Por Vinício Carrilho Martinez
- “Mas o povo não está interessado nas eleições, que é cavalo de Troia que aparece de quatro em quatro anos” [1].
Lendo assim, apenas esse recorte, podemos ter a impressão de que Carolina de Jesus pregava uma antipolítica. Entretanto, sua vida toda de resistência, insistência para viver, sobreviver, foi um dos mais belos e grandiosos atos políticos de nossa história social.

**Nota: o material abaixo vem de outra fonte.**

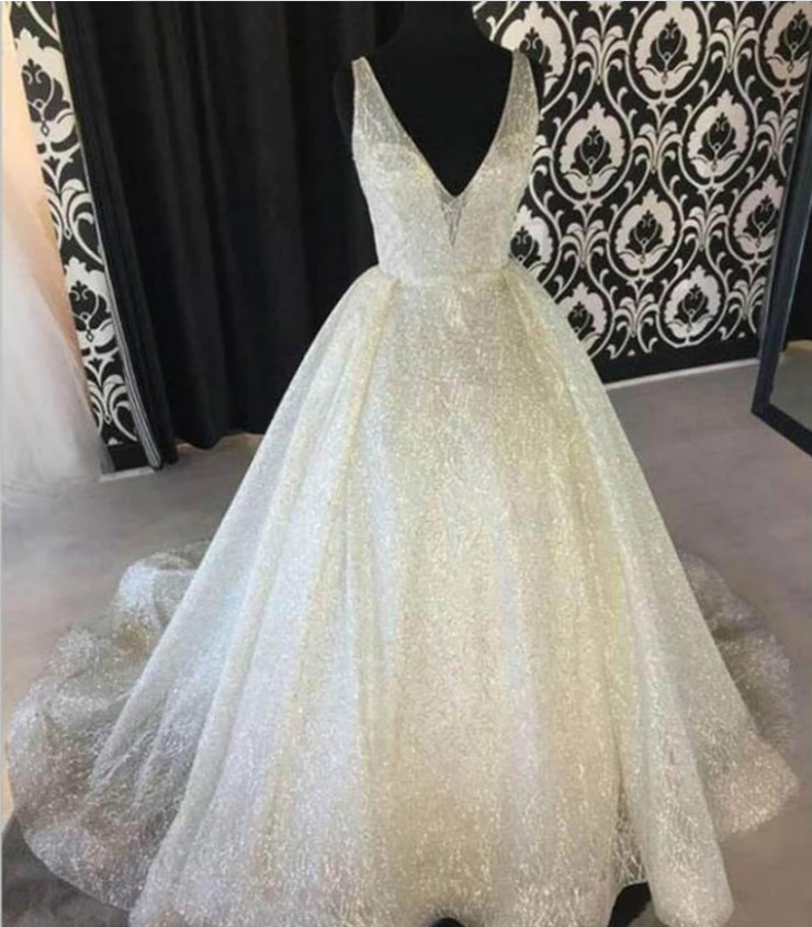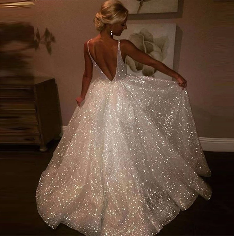 deep v-neck sexy party night sequins backless evening long wedding dress

Quando se avalia a política oficial, institucional, poucos são os momentos em que os discursos, promessas, propostas inexequíveis (populistas, oportunistas) para o povo, não surtiram efeitos de um enfeitado Cavalo de Troia. É para isso que ela chama a nossa atenção: esqueçam o palavrório, o falatório – sempre vazios de significados populares – e olhem a realidade. Nem político, desse tipo profissionalizado, combate a fome do povo com papo furado.

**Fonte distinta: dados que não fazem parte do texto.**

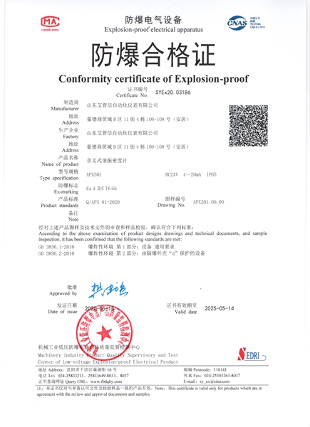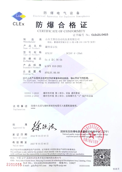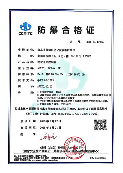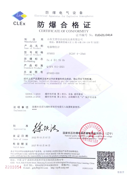 標(biāo)準(zhǔn)款音叉物位開關(guān),優(yōu)質(zhì)防爆鑄造鋁殼,不銹鋼銘牌,sus316叉體材質(zhì)。 型號:APXYC504 應(yīng)用:液體/粉體 供電:24VDC/220AC 輸出:繼電器(DPDT) 連接過程:G1''螺紋 叉體長度:100mm 介質(zhì)溫度:-30℃-80℃ 壓力:≤4MPa 防爆等級:Exd IIC T6 Gb 防護等級:IP65

Não lhe interessava, em nada lhe convinha, esse falar e não fazer, até porque o seu fazer era recolher papelão e metais velhos nas ruas de São Paulo, capital, vender e assim comprar algum alimento para os filhos. O seu fazer era driblar a fome, a morte; o seu dizer era de que isso não era humano, era injusto e indigente. O seu falar era pela dignidade humana; o seu fazer era uma luta diária contra a miséria e a “mentira política”.
O conceito que não aprendera na escola pública, porque sequer concluiu o ensino fundamental de hoje, lhe dizia no âmago de mulher negra, pobre e oprimida, e mãe, que a “vida é insolvível”. Não se compra a dignidade humana com um milheiro de tijolos, em ano eleitoral.
Essa questão mais política é fundamental, pois a lógica econômica, institucional, societal, de produção de Carolinas de Jesus nunca teve descanso no país. Quantas Carolinas de Jesus existem hoje no Brasil? Algumas até enriqueceram[2], a original, não.
Por fim, é sempre necessário recolocar a crítica ao sistema representativo, porque a baixa adesão e as críticas mais ácidas – muitas vezes retidas na fenomenologia, no senso comum dos fatos – são os principais indicadores da erosão da própria democracia. Com ironia excessiva (ou cinismo), tais avaliações raramente pertencem ao tempo do anúncio, da oferta de proposições alternativas e reparadoras ao sistema democrático como um todo. E quando isto ocorre, perdemos todos nós, toda a sociedade brasileira – a nossa história é cheia de situações, momentos assim.
[1] CAROLINA Maria de Jesus. Quarto de despejo: diário de uma favelada. São Paulo: Ática, 2014, p. 43.